By David Sirota, Founder & CEO, ROLLIN
There's a field on Google Maps called "Wheelchair Accessible." It's a yes or a no. Sometimes it's filled in. Most of the time, it's wrong.
A friend of mine — a wheelchair user — told me he once drove forty minutes to a restaurant that Google marked as wheelchair accessible. When he got there, there were three steps at the entrance. No ramp. The host offered to "help carry him in."
That's not accessibility. That's a checkbox someone clicked in 2019 and never looked at again.
And here's the thing nobody in tech wants to admit: almost every accessibility solution on the market today works the same way. Binary. Yes or no. Accessible or not. A single field in a database that flattens a deeply physical, deeply personal experience into one bit of information.
That's not a data problem. That's an intelligence problem. And we're about to find out just how badly it's broken.
The Agent Age Is Coming. Accessibility Data Isn't Ready.
In the next two years, the way humans interact with information will fundamentally change. AI agents — running on frameworks like Claude's MCP protocol, embedded in apps and assistants — will increasingly make decisions on our behalf. They'll book restaurants, plan trips, recommend venues, and coordinate logistics.
When your AI assistant books dinner for you, it's going to pull from whatever data is available. Right now, the best it can do is read a binary checkbox from a mapping API and hope it's accurate.
For most people, a wrong restaurant recommendation means a mildly disappointing evening. For a wheelchair user, it means getting to the door and not being able to get inside.
The gap isn't that AI agents don't care about accessibility. The gap is that accessibility intelligence doesn't exist in a form agents can consume. There's no structured, scored, verified data layer that an AI can query and trust. There's no API that returns "this restaurant has level entry, an accessible restroom, wide aisles, and a score of 84 out of 100 based on multi-source verification."
Until now.
Accessibility Is Not an App. It's a Data Layer.
I built ROLLIN because my father has FSHD — facioscapulohumeral muscular dystrophy. Taking him out to dinner shouldn't require a phone call, a Google Street View investigation, and a prayer. But it does. Every time.
The insight that changed everything for me wasn't "someone should build an accessibility app." It was this: accessibility needs to become infrastructure. Not an app you download. Not a directory you browse. A data layer that lives underneath every app, every agent, every platform that touches the physical world.
Think about how weather data works.

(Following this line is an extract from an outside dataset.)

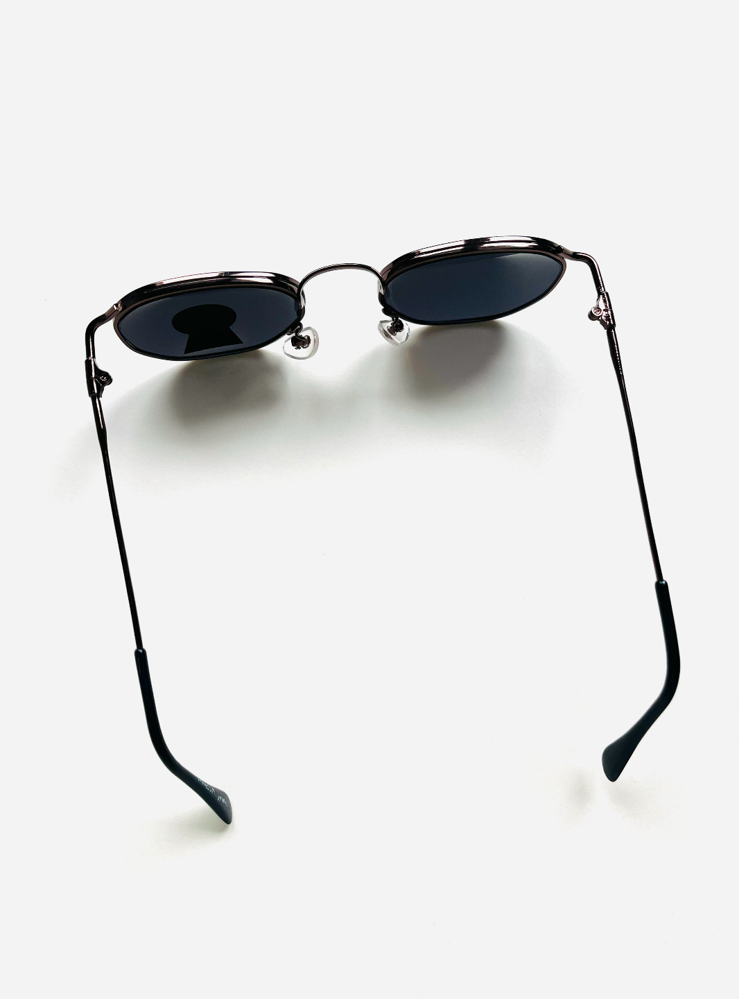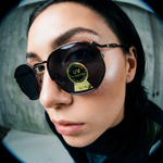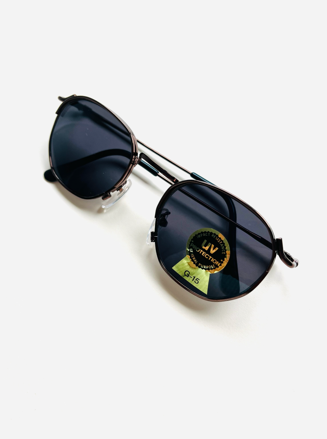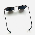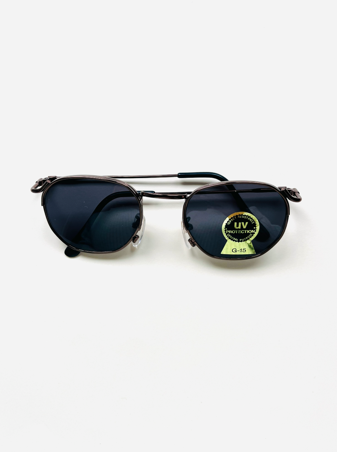 Original vintage unisex sunglasses from the 90s, first-hand. Brown metal frame with thin temples and black tips. Dark lenses with UV protection and impact resistance.

You don't go to one weather app. Weather data is an intelligence layer — structured, scored, constantly updated — that powers thousands of applications. Your calendar uses it. Your airline uses it. Your smart home uses it.

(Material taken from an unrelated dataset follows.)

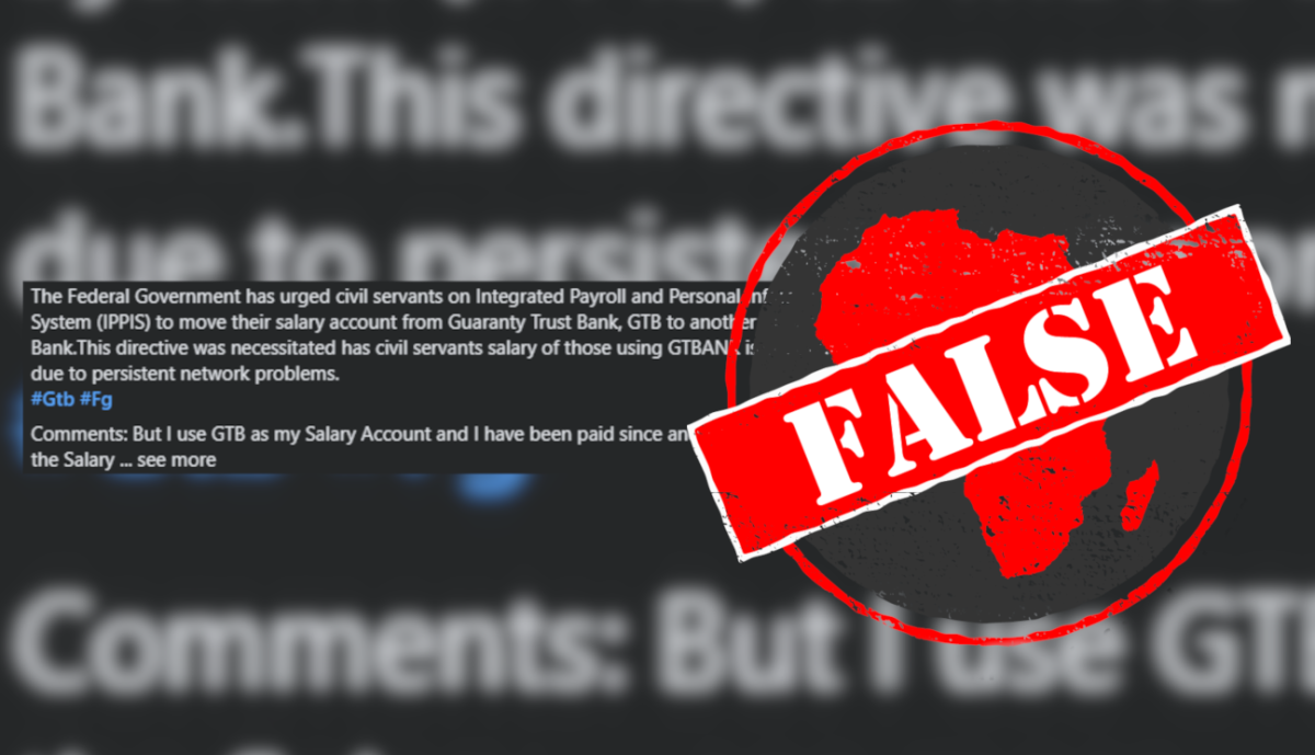 One of the Facebook posts begins: “The Federal Government has urged civil servants on Integrated Payroll and Personal Information System (IPPIS) to move their salary account from Guaranty Trust Bank, GTB to another Commercial Bank.”

Physical accessibility data should work the same way. Structured. Scored. Verified. Available everywhere.
That's what ROLLIN is.
What We Built
ROLLIN is an accessibility intelligence platform. We score 105,000+ restaurants across 15 states on a 0–100 scale using weighted physical factors — wheelchair entry, accessible restrooms, level pathways, wide aisles, parking, elevators, and more.
But the score is only the surface. Underneath it is a signal-processing engine that combines multiple data sources, applies trust-weighted community verification, and uses a graduated confidence system that refuses to inflate scores when data is incomplete. We'd rather show honest uncertainty than false confidence.
The platform operates on three layers:
Consumer. A free web app and an iOS app with an agentic concierge. The concierge adapts to how you move — three modes from proactive discovery to quiet planning. On-device photo AI analyzes entrance ramps, door widths, restroom features, lighting conditions, and surface quality using Apple Vision, entirely on the user's phone. No cloud processing. No privacy trade-off.
Developer. A REST API with six endpoints, a Python SDK auto-generated by Stainless, and an MCP server published on npm. AI assistants like Claude, Cursor, and VS Code can query ROLLIN's accessibility data natively through the Model Context Protocol. When an agent searches for "wheelchair accessible Italian restaurant near Midtown with good lighting," it gets structured JSON back — scores, features, confidence levels, evidence sources.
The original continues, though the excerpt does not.